> [WORK REQUIRED]:
Each line of the listing below that includes "with" should be reported.

> [DATASET EXCERPTS]:
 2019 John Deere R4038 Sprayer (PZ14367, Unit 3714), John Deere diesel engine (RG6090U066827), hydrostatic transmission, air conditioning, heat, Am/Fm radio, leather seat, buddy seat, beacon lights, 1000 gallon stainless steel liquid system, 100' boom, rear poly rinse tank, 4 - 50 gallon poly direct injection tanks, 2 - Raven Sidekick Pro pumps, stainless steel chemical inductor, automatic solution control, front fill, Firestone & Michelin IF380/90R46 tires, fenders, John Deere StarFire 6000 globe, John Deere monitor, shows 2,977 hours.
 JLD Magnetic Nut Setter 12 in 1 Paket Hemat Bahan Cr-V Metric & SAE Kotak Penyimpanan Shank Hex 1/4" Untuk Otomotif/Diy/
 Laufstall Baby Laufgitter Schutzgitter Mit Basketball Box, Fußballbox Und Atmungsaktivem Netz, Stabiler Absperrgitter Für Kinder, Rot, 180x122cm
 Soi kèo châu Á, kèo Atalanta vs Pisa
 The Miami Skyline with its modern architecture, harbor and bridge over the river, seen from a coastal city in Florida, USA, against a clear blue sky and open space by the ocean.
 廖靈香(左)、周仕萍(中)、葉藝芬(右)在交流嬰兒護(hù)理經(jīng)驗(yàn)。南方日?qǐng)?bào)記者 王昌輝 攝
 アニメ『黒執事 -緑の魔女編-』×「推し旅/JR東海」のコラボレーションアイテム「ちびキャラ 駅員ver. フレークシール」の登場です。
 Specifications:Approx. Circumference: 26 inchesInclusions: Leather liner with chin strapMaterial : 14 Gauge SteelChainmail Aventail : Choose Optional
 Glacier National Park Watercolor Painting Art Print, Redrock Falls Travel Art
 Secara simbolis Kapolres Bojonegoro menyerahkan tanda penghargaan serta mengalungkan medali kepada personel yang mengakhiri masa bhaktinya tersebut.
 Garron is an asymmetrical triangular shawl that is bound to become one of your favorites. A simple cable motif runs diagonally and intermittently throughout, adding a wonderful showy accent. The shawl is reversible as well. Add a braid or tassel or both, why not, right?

> [ANSWER SECTION]:
 The Miami Skyline with its modern architecture, harbor and bridge over the river, seen from a coastal city in Florida, USA, against a clear blue sky and open space by the ocean.
 Specifications:Approx. Circumference: 26 inchesInclusions: Leather liner with chin strapMaterial : 14 Gauge SteelChainmail Aventail : Choose Optional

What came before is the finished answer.